2022 Fiscal Year: July 1, 2021 to June 30, 2022

Thank you for supporting the Cornell Lab of Ornithology. In fiscal year 2022, thousands of members and donors provided more than 70% of our annual revenue, a total of $30.8 million that expands our capacity to promote global conservation through research, education, and citizen science.
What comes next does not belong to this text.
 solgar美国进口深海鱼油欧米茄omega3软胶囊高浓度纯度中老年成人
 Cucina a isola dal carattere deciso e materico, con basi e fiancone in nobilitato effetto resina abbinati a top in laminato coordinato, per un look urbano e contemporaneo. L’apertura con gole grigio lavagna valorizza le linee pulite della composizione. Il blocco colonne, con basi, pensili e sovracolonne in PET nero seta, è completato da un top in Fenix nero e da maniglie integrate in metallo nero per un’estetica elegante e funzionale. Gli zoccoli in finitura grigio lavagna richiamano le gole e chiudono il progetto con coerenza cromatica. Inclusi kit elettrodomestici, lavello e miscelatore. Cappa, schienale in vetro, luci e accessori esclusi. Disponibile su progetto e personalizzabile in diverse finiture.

As it was for many people and organizations, fiscal year 2022 was again unusual for the Lab: we saw an increase in charitable giving, combined with a minimal increase in expenses (in part driven by a tight labor market and continued reduction in travel due to the pandemic).

As a result, the Lab ended the year with an uncommon surplus of funds. As we emerge from the Covid-19 pandemic, this surplus will allow us to grow in strategic ways as quickly as possible in fiscal year 2023 and beyond, particularly given that the threats facing birds and biodiversity are immediate and significant. Thank you for making it possible for us to invest in our vital research, education, and conservation efforts.

We’re pleased to include a downloadable list of our Sapsucker Woods Society members and honor and memorial tributes here.

10-Year Trend (2013–2022)

The bar chart depicts healthy growth over the past 10 years with revenues exceeding expenditures, allowing the Lab to continually expand and strengthen our vital research, education, and conservation efforts.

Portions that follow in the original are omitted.